══ Task input ══

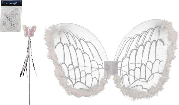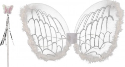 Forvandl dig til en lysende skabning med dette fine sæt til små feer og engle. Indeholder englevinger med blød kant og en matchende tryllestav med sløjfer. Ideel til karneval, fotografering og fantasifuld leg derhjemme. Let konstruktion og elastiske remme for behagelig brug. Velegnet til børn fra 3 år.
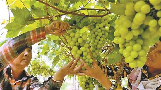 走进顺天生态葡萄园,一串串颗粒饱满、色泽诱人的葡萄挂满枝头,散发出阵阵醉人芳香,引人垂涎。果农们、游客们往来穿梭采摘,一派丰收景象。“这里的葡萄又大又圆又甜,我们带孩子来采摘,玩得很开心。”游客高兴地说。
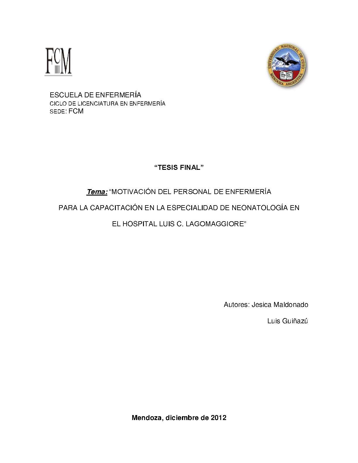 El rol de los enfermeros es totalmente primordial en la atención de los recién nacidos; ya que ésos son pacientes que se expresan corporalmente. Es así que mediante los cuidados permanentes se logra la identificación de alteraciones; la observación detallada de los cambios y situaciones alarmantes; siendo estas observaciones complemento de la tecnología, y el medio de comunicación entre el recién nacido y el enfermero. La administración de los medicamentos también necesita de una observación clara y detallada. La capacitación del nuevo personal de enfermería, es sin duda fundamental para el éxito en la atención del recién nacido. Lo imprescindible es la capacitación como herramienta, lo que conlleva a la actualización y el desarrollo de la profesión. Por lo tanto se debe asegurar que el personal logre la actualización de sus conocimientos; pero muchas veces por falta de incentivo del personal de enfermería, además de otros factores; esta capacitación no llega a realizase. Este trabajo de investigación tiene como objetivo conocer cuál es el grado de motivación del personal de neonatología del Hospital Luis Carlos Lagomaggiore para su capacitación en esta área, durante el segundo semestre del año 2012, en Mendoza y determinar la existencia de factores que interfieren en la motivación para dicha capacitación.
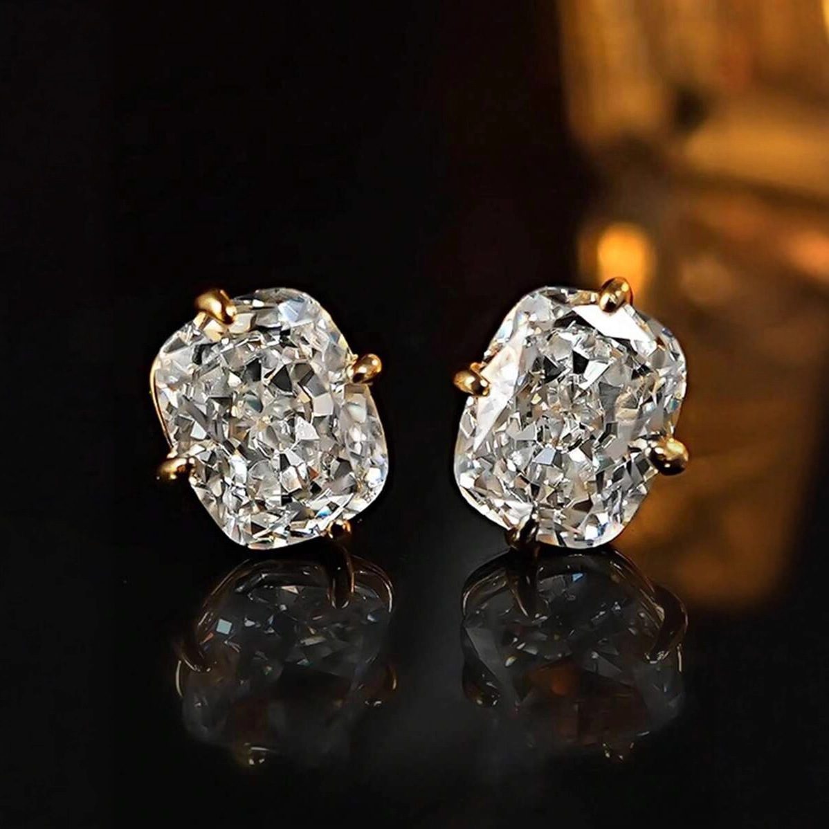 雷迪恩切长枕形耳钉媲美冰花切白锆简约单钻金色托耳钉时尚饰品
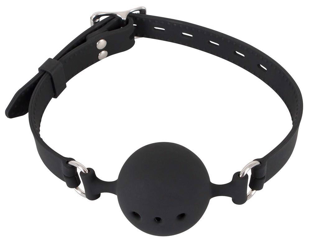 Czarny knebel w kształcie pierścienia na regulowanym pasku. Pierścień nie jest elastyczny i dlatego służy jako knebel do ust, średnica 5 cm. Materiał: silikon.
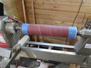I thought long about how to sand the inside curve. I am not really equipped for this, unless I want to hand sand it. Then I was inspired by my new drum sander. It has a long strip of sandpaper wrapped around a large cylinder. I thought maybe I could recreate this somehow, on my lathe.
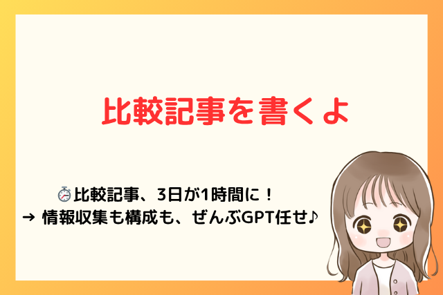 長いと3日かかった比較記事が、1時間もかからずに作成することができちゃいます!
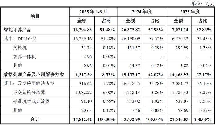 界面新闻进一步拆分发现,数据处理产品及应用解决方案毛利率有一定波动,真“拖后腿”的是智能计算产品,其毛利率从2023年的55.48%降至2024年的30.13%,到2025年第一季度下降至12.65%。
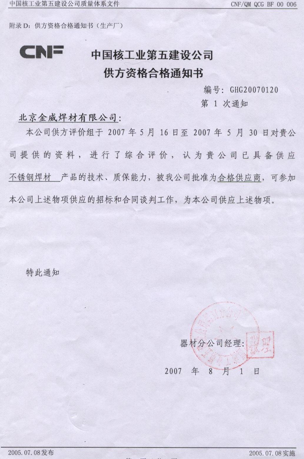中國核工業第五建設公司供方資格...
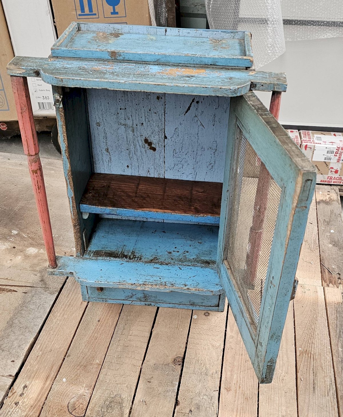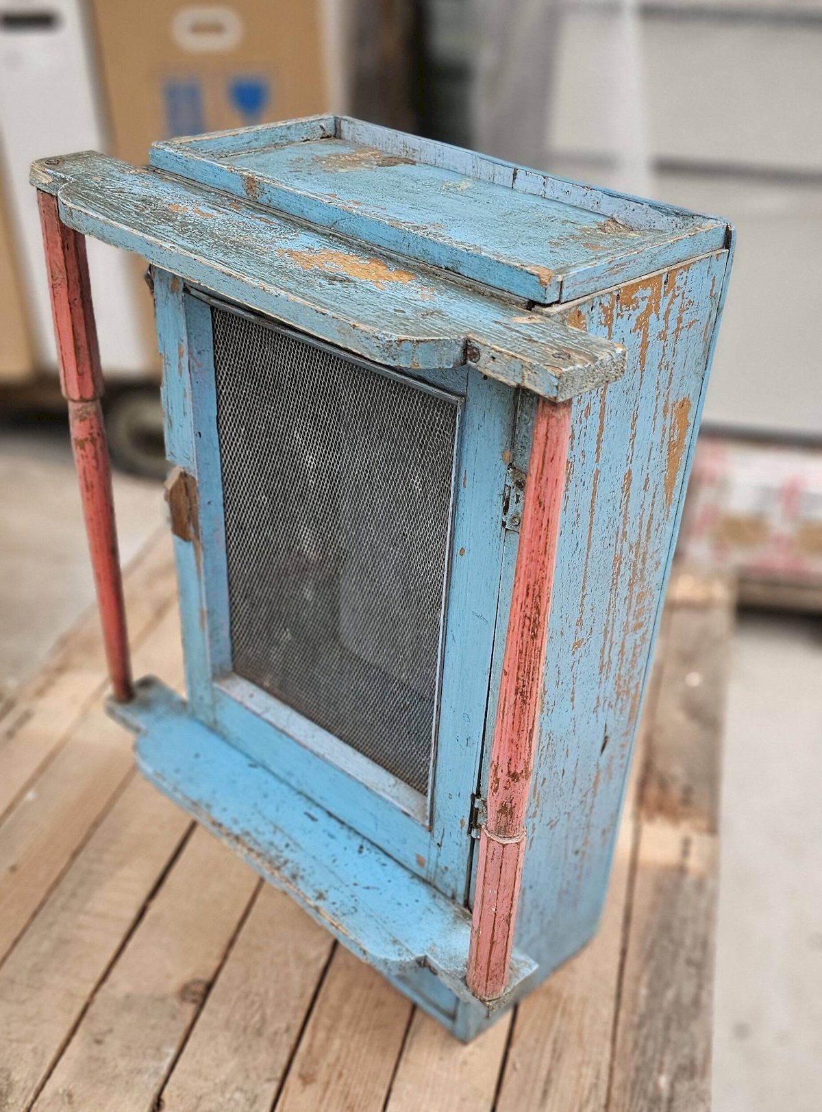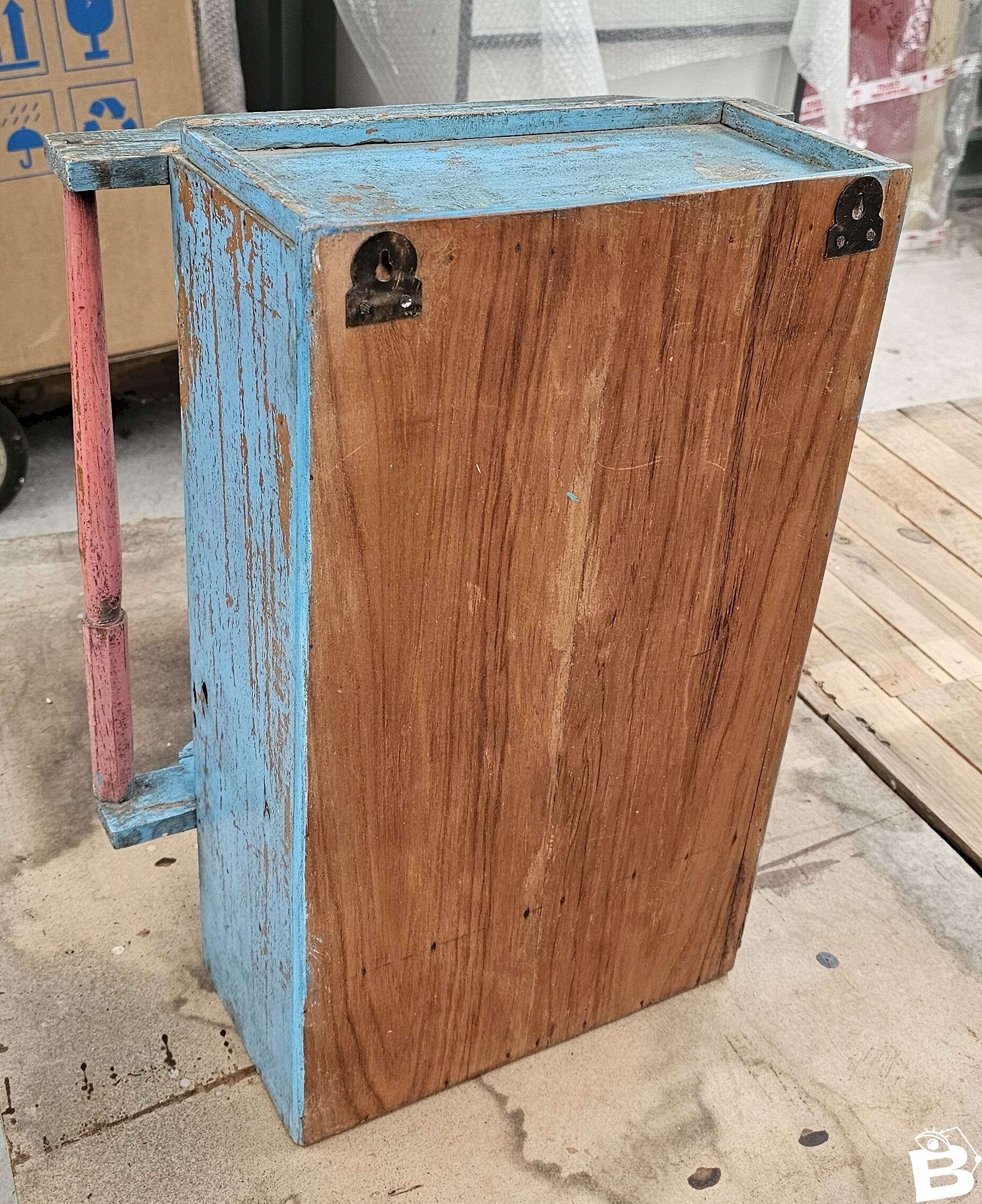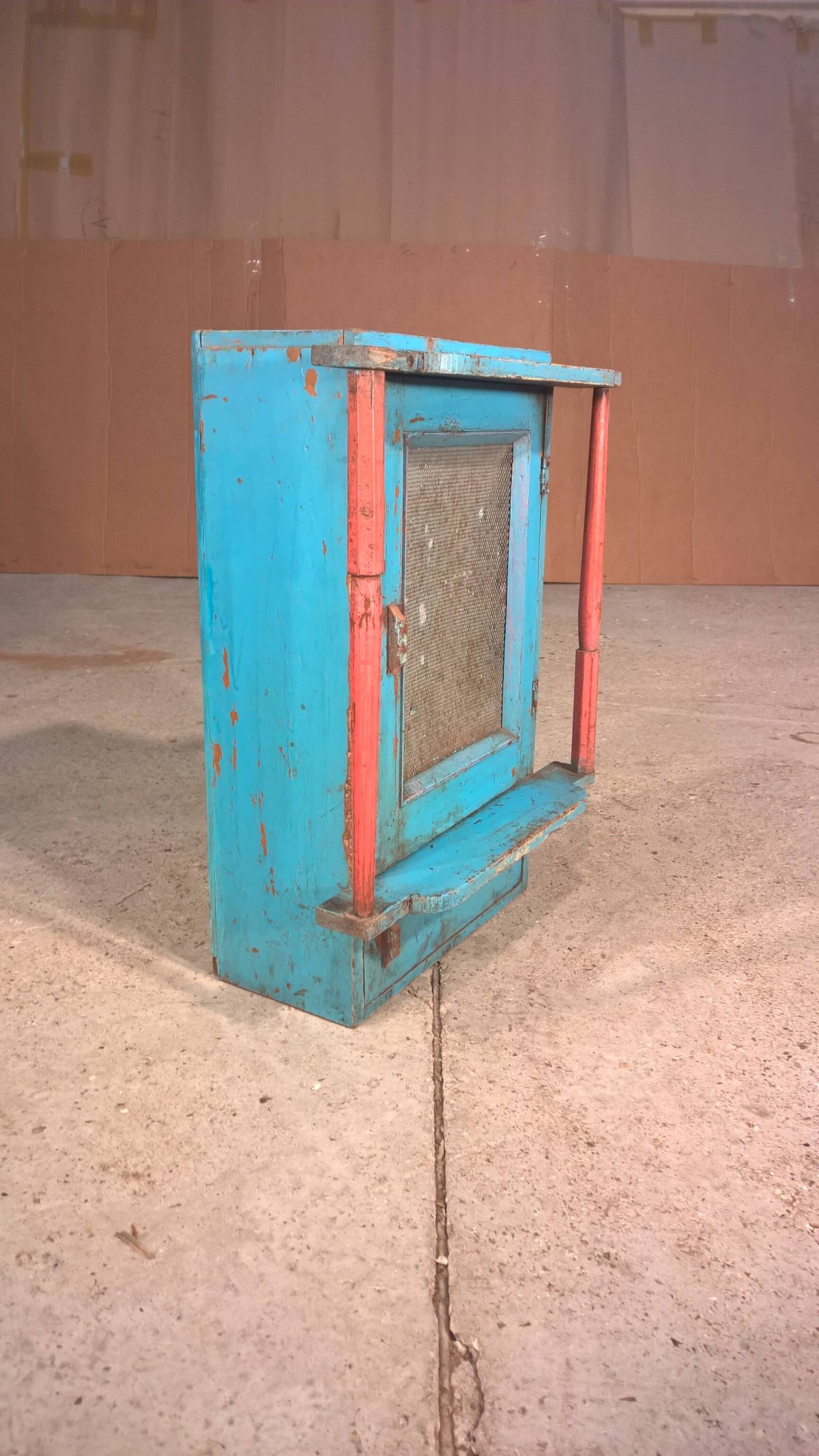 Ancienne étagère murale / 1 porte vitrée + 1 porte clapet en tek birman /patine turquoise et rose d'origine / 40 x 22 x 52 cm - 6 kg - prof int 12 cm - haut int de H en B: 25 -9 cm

═══

Retype exactly, please, the span from the line holding "長いと3日かかった比較記事が、1時間もかからずに作成することができちゃいます!" through the closing line of the data, both ends included, without the pictures.

 長いと3日かかった比較記事が、1時間もかからずに作成することができちゃいます!
 界面新闻进一步拆分发现,数据处理产品及应用解决方案毛利率有一定波动,真“拖后腿”的是智能计算产品,其毛利率从2023年的55.48%降至2024年的30.13%,到2025年第一季度下降至12.65%。
中國核工業第五建設公司供方資格...
 Ancienne étagère murale / 1 porte vitrée + 1 porte clapet en tek birman /patine turquoise et rose d'origine / 40 x 22 x 52 cm - 6 kg - prof int 12 cm - haut int de H en B: 25 -9 cm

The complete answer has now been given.